Umair is an old pal of the tummel-crew. Four years ago when I first met Umair  we both had a meeting of the minds on the fundamental shifts impacting business and culture in a networked world.  Our major rant at the time was that this is much bigger than new technology and a new distribution channel.  People were missing the point that social software and the social web are changing the rules – they are empowering individuals and groups and slicing into old economic models. This still holds true today.  Most businesses are still trying to slam the proverbial square peg in a worn out old round hole while missing the fact that the hole is not round anymore and the peg – well it is now comprised of lots of little pegs [ok -done beating a dead metaphor].

Umair  has been shaking things up with his great blog over at HBR and has just published his new book The New Capitalist Manifesto where he lays out many of these fundamental changes. We are proud that Tummeling fits right into the midst of it all.   Please join us this Thursday for our live chat and podcast where we discuss Tummeling Capitalism – two words that many people might think are at odds with each other when in reality they go together like peanut butter and chocolate!

  • Without him making endorsement per se, and more for a baseline to start the conversation with, I would be interested in hearing which software companies/apps he thinks match the ‘The New Capitalist Manifesto’ best.

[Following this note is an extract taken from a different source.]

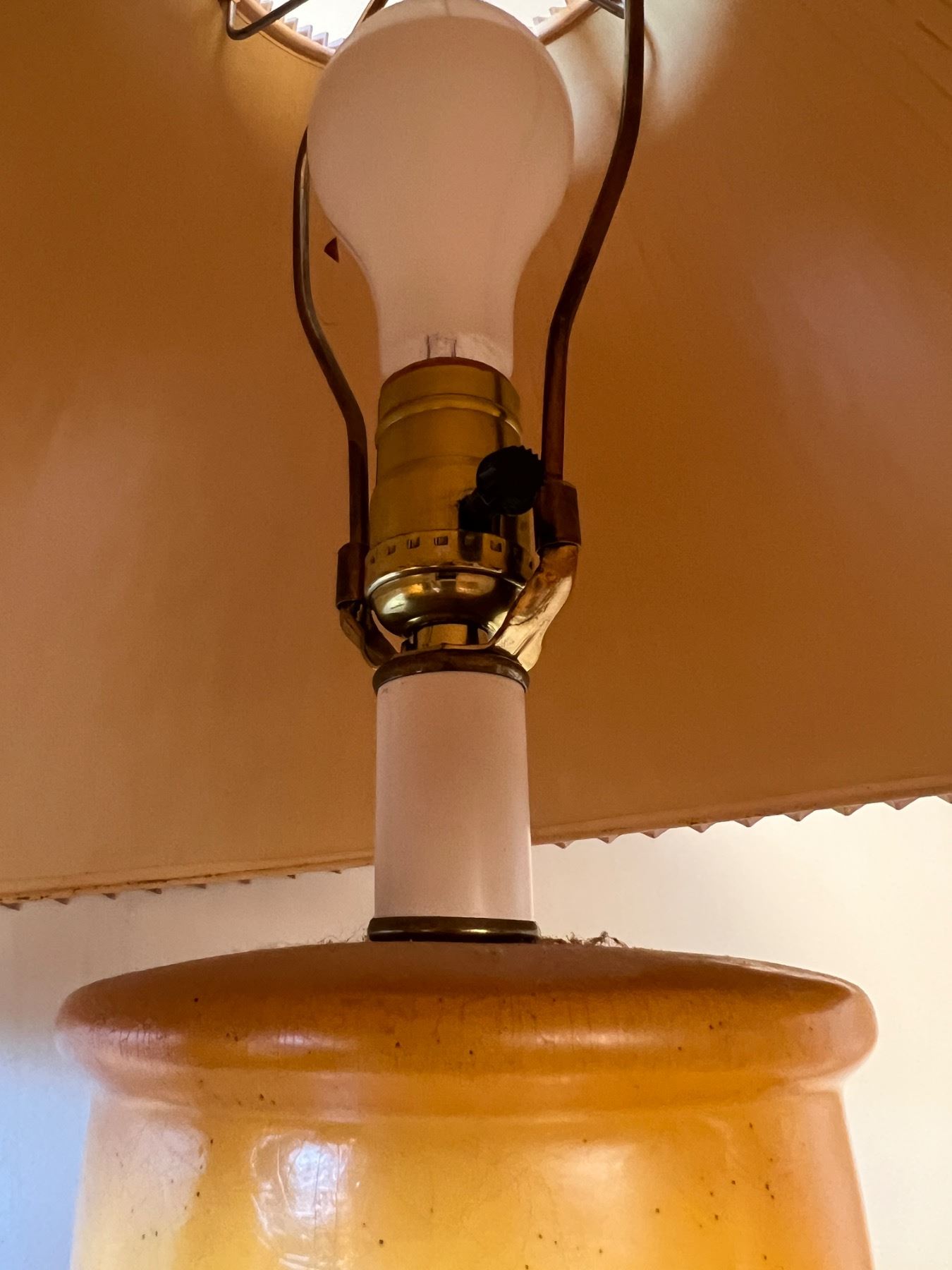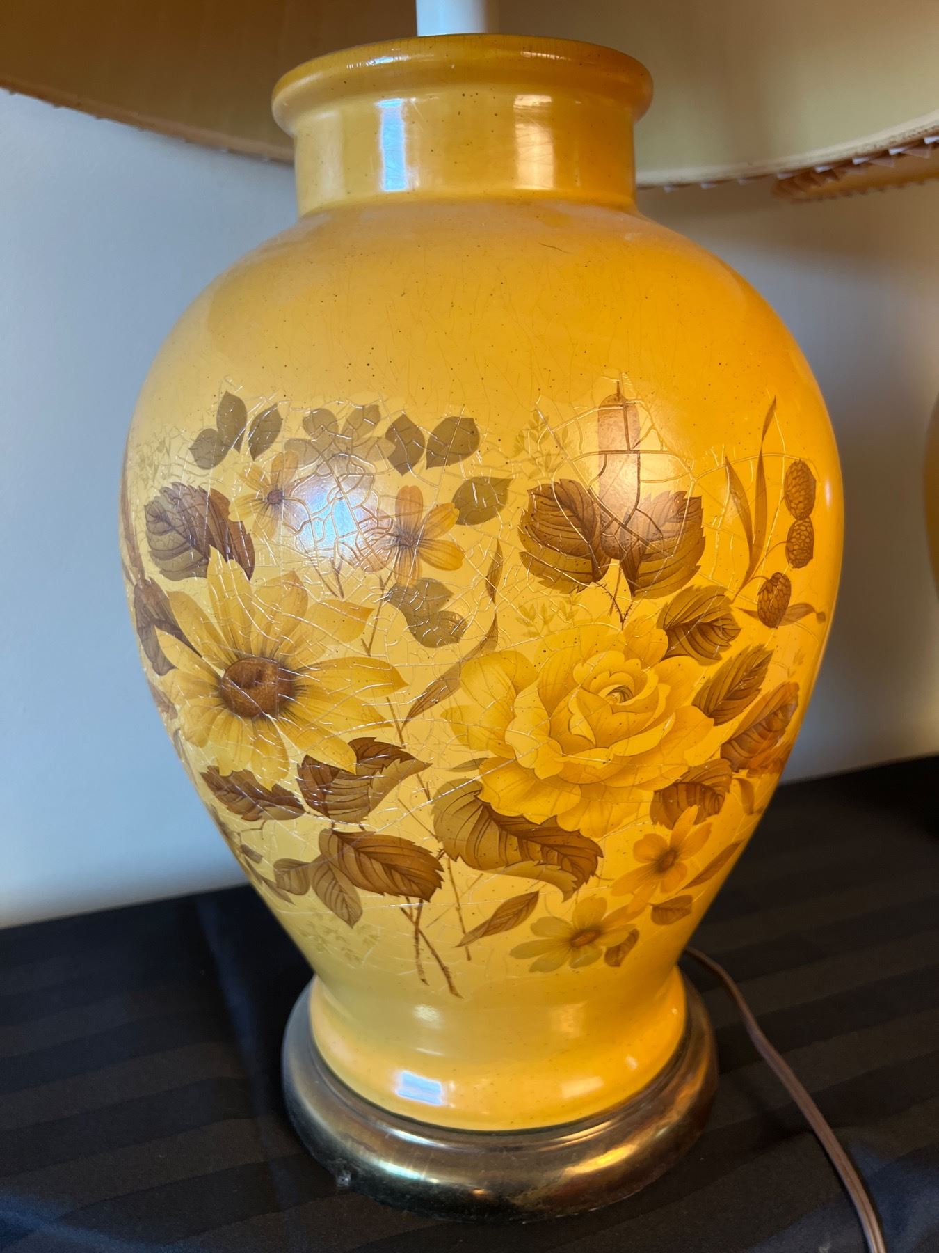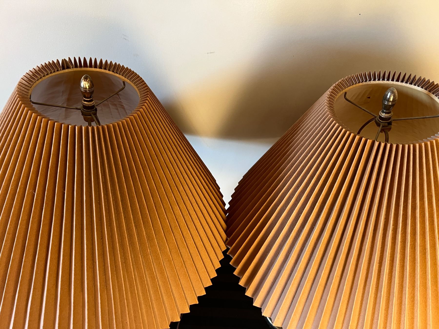 29"H x 20"W, one lamp is working but the knob is broken off, the other lamp has a loose switch

    Ex: Google Voice offers free, unlimited, send/receive SMS, kicking the legs out from under the telcos cash cow – Is that the best example of a web being disruptive right now? If not, what is?

    • Thanks Todd. We’ll definitely ask him. I hope you can join us live tomorrow night 8pmPST in the chat room.

  • Hello Mr. Haque,

    I would like to know what you think about the future shape of the labour markets? From the “value-cycle” discussion in the book, creating ‘value conversations’ with “deliberative” decision processes made by consumers for “strategic agility” it sounds like –please do correct me–:
    – stripping out levels of employees
    – those employees within businesses will need higher levels of education bc they will be required to be more ‘creative’ or ‘conceptual’ professionals (Pink, Florida like) and
    – therefore there should be an expectation of higher wages
    – businesses will be smaller overall, even the largest corporations

    so, it sounds like gut wrenching structural adjustment that’s required by the labour market with lower employment levels in the shorter to medium term where’s the money not only for education, retraining, going to come from, but wages?

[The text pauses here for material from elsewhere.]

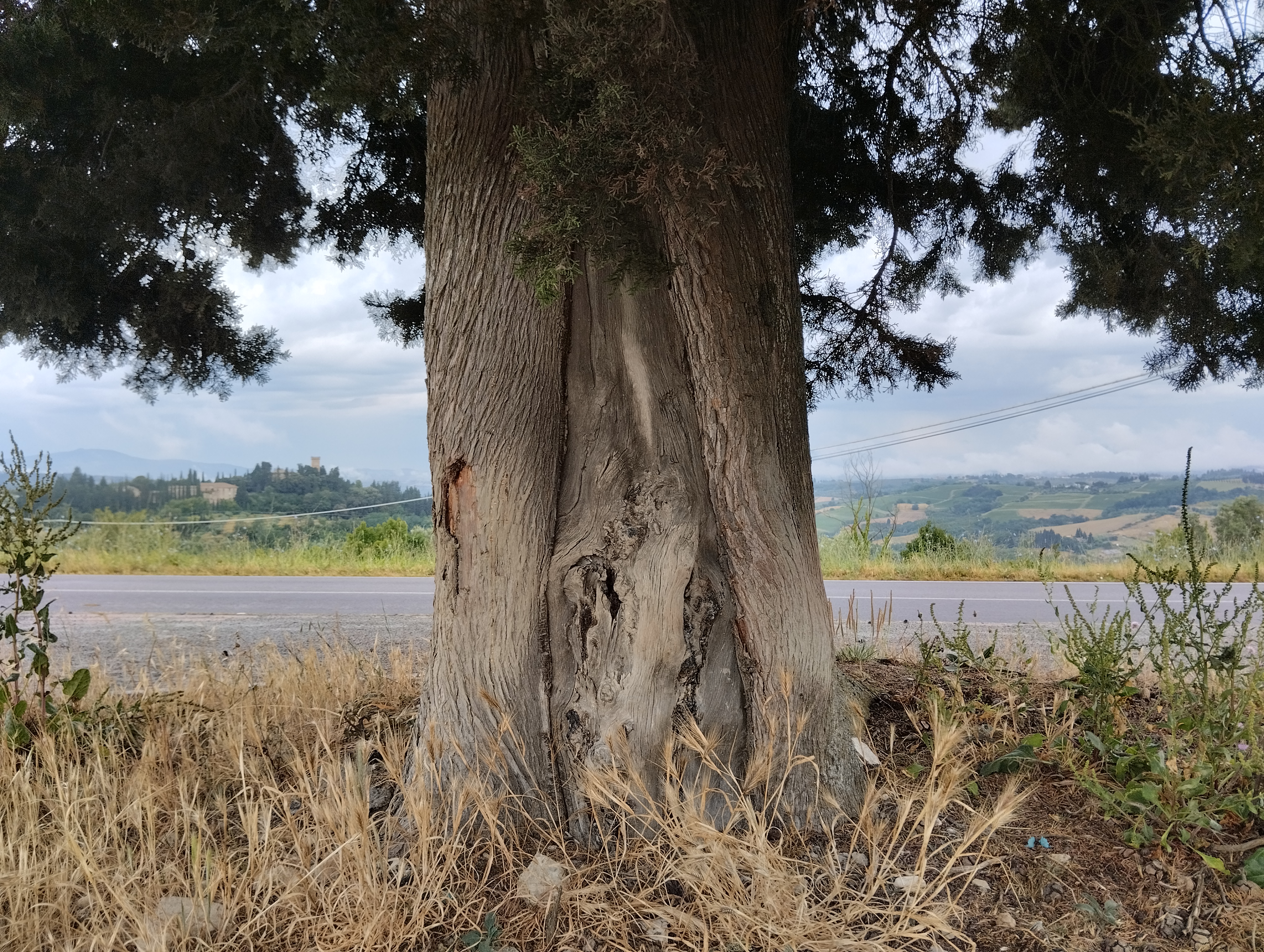 LA CIPRESSA DI VIA LUCARDESE Un'immagine che risale agli anni 40/50 circa mostra l'albero già ben sviluppato, in prossimità della Cappella di S. Antonino ai Lecci (ora sepolta, e un tempo parte delle proprietà del Castello di Sonnino). In quella zona il 12 giugno del '44 ci fu un mitragliamento che vide la morte di Franco Giani ed il ferimento di altre persone, come riportato a pag. 59 della pubblicazione di Andrea Pestelli "Montespertoli 44”. E sempre durante la guerra, si narra che la cima dell'albero sia stata colpita sotto un bombardamento. Anche a questo può essere dovuta la particolare forma che lo caratterizza. Per le informazioni si ringrazia Graziano Latini e Mauro Mangani

    Don’t get me wrong, I love the idea of it. Definitely behind you, but can you talk about what needs to happen with the labour market? Are shorter work hours and flexible work conditions inherent in this?

    thanks, @ann_lytical

  • Hello Mr. Haque,

    I’m Joshua Munnilal, Gin member with the Global Information Network. Consider this your personal GIN invitation from me. If you’re anything like I was, you’re looking for an opportunity to get connected with some very affluent, wealthy and successful people… Well this is a great opprotunity for anyone to have be or do anything they desire! My question is do you believe the g.i.n. is the life experience?(You can also check out the ktradioshow)

  • Don’t mean to ask too much, but on conducting business in a non-exclusionary and (from your book) “competitive philosophy” manner: would country policy makers do well to run national economies in the same way for the 21st century as they all hope to build ‘knowledge economies’ to drive economic growth? Is there any country running their economy close to this idea? Does the US’s “winning the future” agenda meet this?

    Thanks, Ann

  • Myers

    if I were on your committee & the NCM were the thesis before us, my questions might be..

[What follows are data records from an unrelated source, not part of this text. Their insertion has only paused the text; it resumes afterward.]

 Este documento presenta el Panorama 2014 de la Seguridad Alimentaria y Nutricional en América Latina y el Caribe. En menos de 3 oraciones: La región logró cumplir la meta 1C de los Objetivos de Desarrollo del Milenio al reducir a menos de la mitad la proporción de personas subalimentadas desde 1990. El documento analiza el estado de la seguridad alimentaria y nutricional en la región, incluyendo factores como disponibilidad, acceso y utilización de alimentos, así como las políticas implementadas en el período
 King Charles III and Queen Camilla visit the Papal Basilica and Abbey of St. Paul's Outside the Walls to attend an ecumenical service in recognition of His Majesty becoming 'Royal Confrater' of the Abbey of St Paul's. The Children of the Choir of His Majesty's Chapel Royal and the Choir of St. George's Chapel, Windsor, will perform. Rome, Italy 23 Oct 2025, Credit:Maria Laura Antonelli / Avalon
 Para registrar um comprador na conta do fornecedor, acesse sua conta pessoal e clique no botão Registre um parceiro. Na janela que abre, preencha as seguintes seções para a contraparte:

    1 Why “manifesto”? In market up to it’s hind quarters in Manifestos, why weaken your brand by making Red Bull into weak tea with an oversold term?
    2 You’ve mentioned Institutional Innovation at several points, why build a central support on this apparent contradiction? Spinoza might as well have been discussing institutions when he said ‘All things long to persist in their being” Institutions attain longevity by mitigating change. The PhD itself is institutional innovation, requiring Terra Nova for each fresh contribution, yet experience tells us that this new made ground is as stable as the made land in San Francisco…ie given to liquefaction in an quake or social change.
    3 The principle gift of post structuralism and other modes of late capitalist thinking might be expressed as showing the intelectual poverty of a single great anything that would contain everything, this would seem to argue directly against many of your points of incorporating delta or rate of change or even active time series into existing dynamics. How do you square this circle?

    Mix & Match a response as need be.